I’ve worn out my positive attitude

I am so very tired.  The huge act of will it takes to do every tiny thing.  The condescending approval when I manage something more than usual, approval that says, ‘see, you don’t have to be so lazy’.  I’m tired of fighting to get decent medical attention.  Sick of all the health care people playing tug-of-war with me.  I wish they would talk to each other, work as a team.  Come to me when they can agree what I should do.  And I’m sick of trying to grab those rare and random good days and schedule medical appointments on them, when there are always more people I need to see than good days or money to see them. 
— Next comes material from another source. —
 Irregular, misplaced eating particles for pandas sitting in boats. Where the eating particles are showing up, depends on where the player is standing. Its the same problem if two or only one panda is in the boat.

You know what else?  I’m tired of drumming up bogus hopes to live for.  Tired of dreaming that one day I’ll be perfectly healthy and beautiful and twenty-one again.  Every time I hear that one of my problems is permanent, it threatens to tear down my whole reason for living. 
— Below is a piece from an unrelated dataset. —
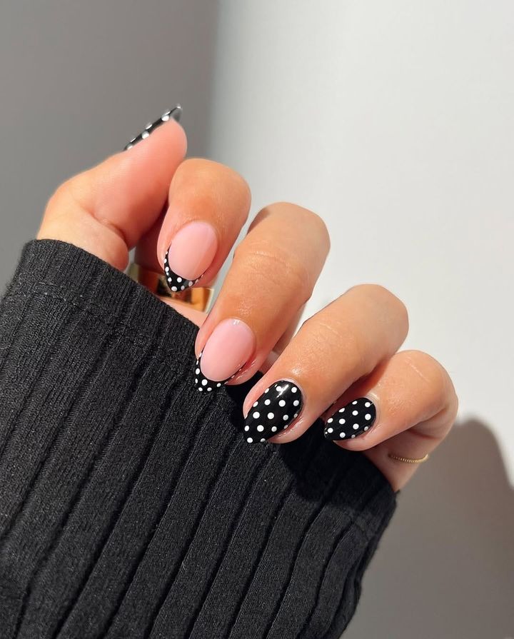 ヴィンテージ感たっぷりの黒のフレンチチップと水玉模様に夢中。上品さを保ちつつも、少し遊び心も加えたい時にぴったり。このキュートなネイルは、マニキュアのマンネリから抜け出すのにうってつけ。写真のように、指ごとに少しアクセントを加えるのも◎

I’m in a holding pattern, and the fuel is getting low.  I just want to collapse and cry about it sometimes, but there’s no-one to catch me.  I don’t think anyone knows what a vast amount of effort every day takes.  Even when I’m asleep it feels like I’m treading water. 

The really silly thing is, if by some miracle or wonder of modern medicine I did get passably well, I don’t think I’d have any idea what to do with myself.  I don’t have big dreams, parked there waiting to fly.  I’ve been watching people around me graduate, marry, buy houses and have babies.  I’ve been watching them get careers, businesses, money.  And travel far, long and often.  And me, I’m still sitting here, like a stopped wind-up toy, as though my life stopped at twenty-three with the chronic fatigue, and the key in my back got stuck.  In some ways, I still feel like that lost Arts student with no idea what to do next.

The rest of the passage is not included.